The model picks the format that fits the task. A code agent reading paths typically wants json; a conversational assistant explaining results wants labeled.

ToolPreference carries hints for upstream selectors that decide which tools ship on a given turn:

tools.ToolPreference{
Enabled: new(bool),
Weight: new(float64),
Overrides: map[string]any{"max_results": 10},
}

Set *Enabled = true and *Weight = 0.8 after construction, or use literal addresses if you prefer.

Stored on ToolSpec.Preference — the tool declares its own affordances; the selector consumes them.

tools.DescriptionStore lets an admin or application layer replace a tool’s description at runtime without code changes.
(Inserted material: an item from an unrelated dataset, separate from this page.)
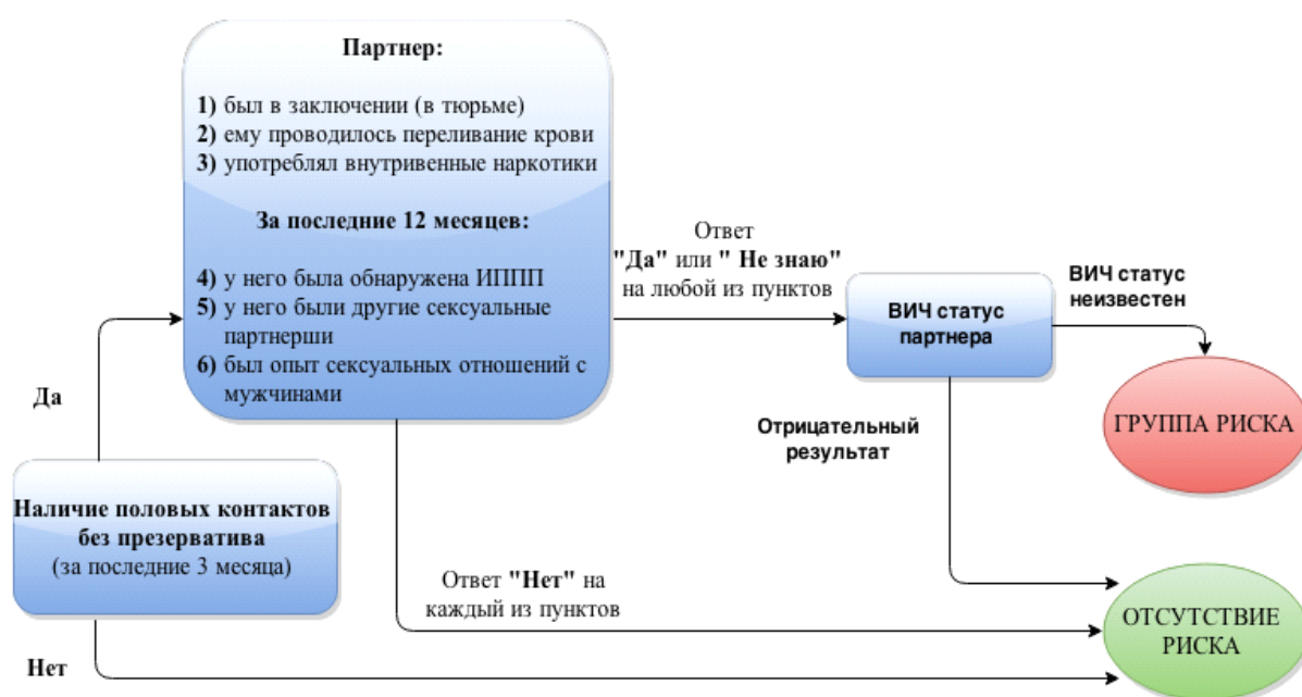
Рис. 1. Алгоритм распределения респонденток по группам

Статистически значимых различий распределения уровневых показателей самооценки риска заражения ВИЧ за последний год в группах не обнаружено ( p > 0,1 ), причем большинство в обеих группах составили женщины с незначительным уровнем риска либо отсутствием такового. Лишь только 7 женщин из 29 представительниц группы риска оценивают

The store is versioned: when descriptions change, a bumper invalidates downstream caches (rendered prompts, embedding indices). MemoryDescriptionStore is the in-memory default; persistent stores back it with SQLite.

The agent can extend its own tool surface at runtime. Three tools in zkit/ai/tools/dynamic make this possible:

  • new_tool — scaffold, compile, and register a Go tool from typed pieces (name, description, args fields, handler body). One call; the template + build + registration pipeline runs automatically.
  • unregister_tool — remove a dynamic tool from the registry.
  • mcp_connect / mcp_disconnect / mcp_list — connect to Model Context Protocol servers over stdio or HTTP, discover their tools, and register them prefixed by connection name. MCP-pushed notifications flow into the runner’s steer queue as untrusted data.

All dynamic tools register under the "dynamic" provider tag. The Registrar wires a persistent Catalog (write-through over SQLite) to the live Registry — tools survive restarts, and reconnection re-registers them.